RECORDS PROVIDED: Begin

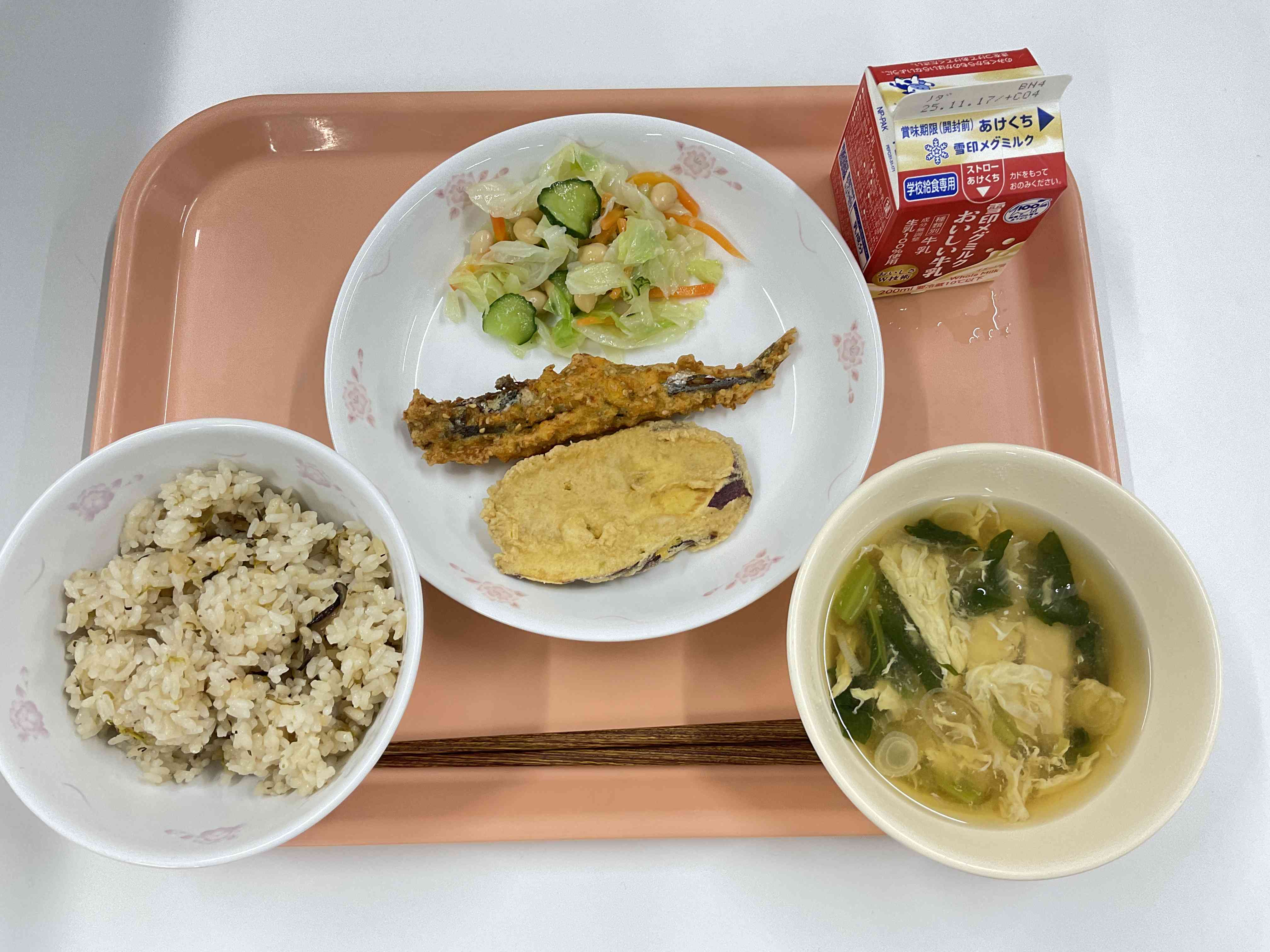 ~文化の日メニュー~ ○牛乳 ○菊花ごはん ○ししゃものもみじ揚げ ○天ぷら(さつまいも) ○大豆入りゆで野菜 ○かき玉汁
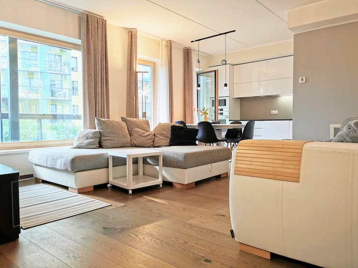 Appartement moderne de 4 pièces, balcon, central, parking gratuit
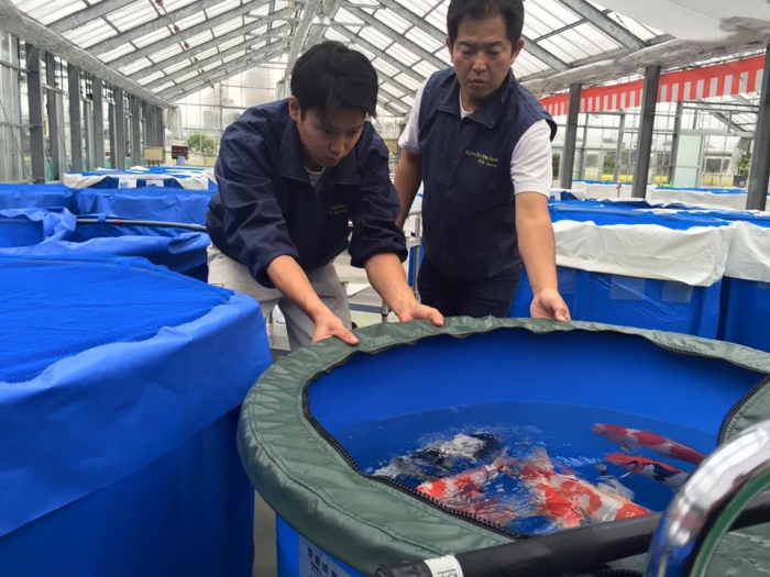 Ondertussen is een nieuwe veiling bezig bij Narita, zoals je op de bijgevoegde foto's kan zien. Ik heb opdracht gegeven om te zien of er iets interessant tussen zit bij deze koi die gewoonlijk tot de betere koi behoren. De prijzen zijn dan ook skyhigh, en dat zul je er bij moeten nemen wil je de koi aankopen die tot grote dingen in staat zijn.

RECORDS PROVIDED: End
RECORDS PROVIDED: Begin

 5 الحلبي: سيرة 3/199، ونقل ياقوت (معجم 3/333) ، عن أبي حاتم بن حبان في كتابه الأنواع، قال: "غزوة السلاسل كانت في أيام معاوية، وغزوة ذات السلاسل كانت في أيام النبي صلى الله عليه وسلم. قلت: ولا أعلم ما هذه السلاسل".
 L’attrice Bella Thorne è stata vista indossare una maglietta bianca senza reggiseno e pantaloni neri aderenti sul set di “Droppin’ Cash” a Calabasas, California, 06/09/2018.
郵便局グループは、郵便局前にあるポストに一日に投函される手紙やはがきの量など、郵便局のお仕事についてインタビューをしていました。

RECORDS PROVIDED: End

REQUIREMENT:
In the data above, start at the line that has "L’attrice Bella Thorne", stop after the line that has "郵便局グループは、郵便局前に", and print every line in between exactly as it stands.

SOLUTION:
 L’attrice Bella Thorne è stata vista indossare una maglietta bianca senza reggiseno e pantaloni neri aderenti sul set di “Droppin’ Cash” a Calabasas, California, 06/09/2018.
郵便局グループは、郵便局前にあるポストに一日に投函される手紙やはがきの量など、郵便局のお仕事についてインタビューをしていました。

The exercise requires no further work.